Fin qui, l’insidia della “motivazione” non appare.
Ma proviamo a fare un altro nome, a spostarci ancora, a risalire nel tempo, a regredire. Ad esempio: 1985. Palermo, Salvatore Marino. “I fatti della Questura”. Acqua e sale. E altro. Caldo. Cosa Nostra che uccideva “colleghi” a ripetizione (Montana, Cassarà). Molti magari nemmeno ricordano più (speriamo che ricordino, invece, o che abbiano almeno studiato, letto).
Ed eccoci al punto: quel teorico “uno” che, giustamente offeso dalla morte di quei primi tre ragazzi, non si senta però offeso allo stesso modo da quella del quarto, o non con la stessa intensità emotiva, “perché era un mafioso”, o perché “erano tempi difficili”, eccetera, sarebbe la chiara dimostrazione che il martirio di Floyd, e degli altri che gli assomigliano, non sono stati realmente compresi. Che si è risolto “l’assoluto negativo” nella “motivazione”, ignorando ciò di cui consiste: la “struttura” di un potere, troppo “potente”, per non trascendere, perché la sua misura non diventi dismisura, il controveleno eccezionale, ordinario, quotidiano veleno.
Abbiamo supposto che sia uno solo, ad avere idee così confuse nel Bel Paese: perché ad una malapianta basta un seme, e perché contava fissare il principio.
Tuttavia, a giudicare dal “discorso pubblico” prevalente; da come, negli ultimi decenni, si è venuto allevando in Italia, una generazione dopo l’altra, un conformismo ossessivo e ossequiante verso tutto quanto concerne il potere coercitivo, e interdittivo e preventivo, è evidente che qui non abbiamo un problema di germoglio: ma un’intera selva, nerboruta e soffocante.

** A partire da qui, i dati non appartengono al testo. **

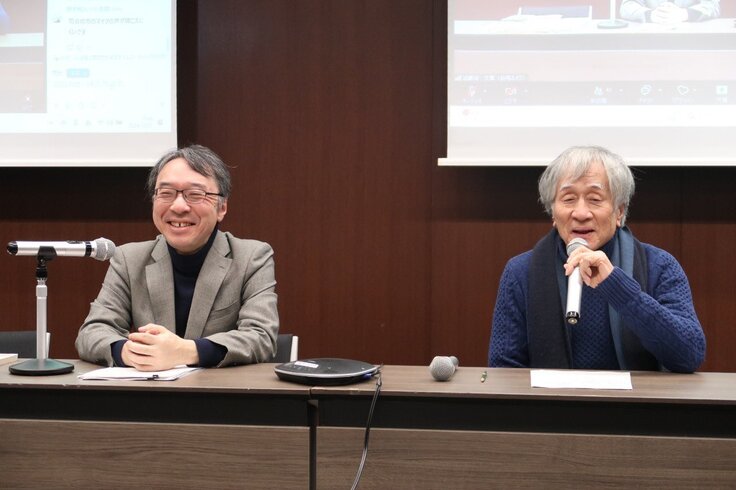 評者は落合勝人氏(集英社新書編集長) 、三浦信孝氏(日仏会館顧問) 、応答は鷲巣力顧問、パネルディスカッションの司会は加國尚志センター長。対面・オンラインあわせて 65 名が参加。参加者からは「戦後民主主義は加藤先生、林先生といった在野の存在が実質を支えていたんだ、と改めて思いました」や、

Restano ancora due differenze, non minime, fra la vicenda americana e le nostre. Sia chiaro: negli Usa ci sono fitte e molteplici questioni, tuttora aperte, sul “sistema”. Nonostante la complessità del quadro, però, queste differenze rimangono, e vanno annotate.

La prima, è che dall’omicidio Floyd alla condanna di Chauvin (licenziato il giorno dopo l’arresto, coevo all’omicidio, e che ora rischia fino a quarant’anni di reclusione), sono passati 11 mesi. E nessuno ha potuto sostenere che non abbia avuto un giusto processo.
Per Marino, dopo cinque anni, si ritenne una “violenza privata” (una cosa a metà fra una spintarella e un “bau!”) e, così, avviata alla dissolvenza di un decorso giuridico benevolo. Per Aldovrandi, dalla morte alla sentenza definitiva, il processo è durato sette anni. Per Stefano Cucchi, morto nell’Ottobre 2009, nonostante siano stati celebrati due processi (per omicidio colposo, a carico di agenti penitenziari e medici ospedalieri), la prima sentenza, a titolo di omicidio preterintenzionale (qualcosa di più della colpa, cioè, non-volontà; ma meno del dolo), è intervenuta dopo dieci anni; e c’è in corso ancora un processo per depistaggio, avviato a fine 2019. Queste “durate” sono, irrevocabilmente, ingiuste in sé.
La seconda differenza, è che, a Minneapolis, dopo un mese hanno smantellato l’intero Dipartimento di Polizia. Da noi, non si smantella mai niente, di fronte a nessuna nequizia; nemmeno la Magistratura del “Sistema-Palamara”.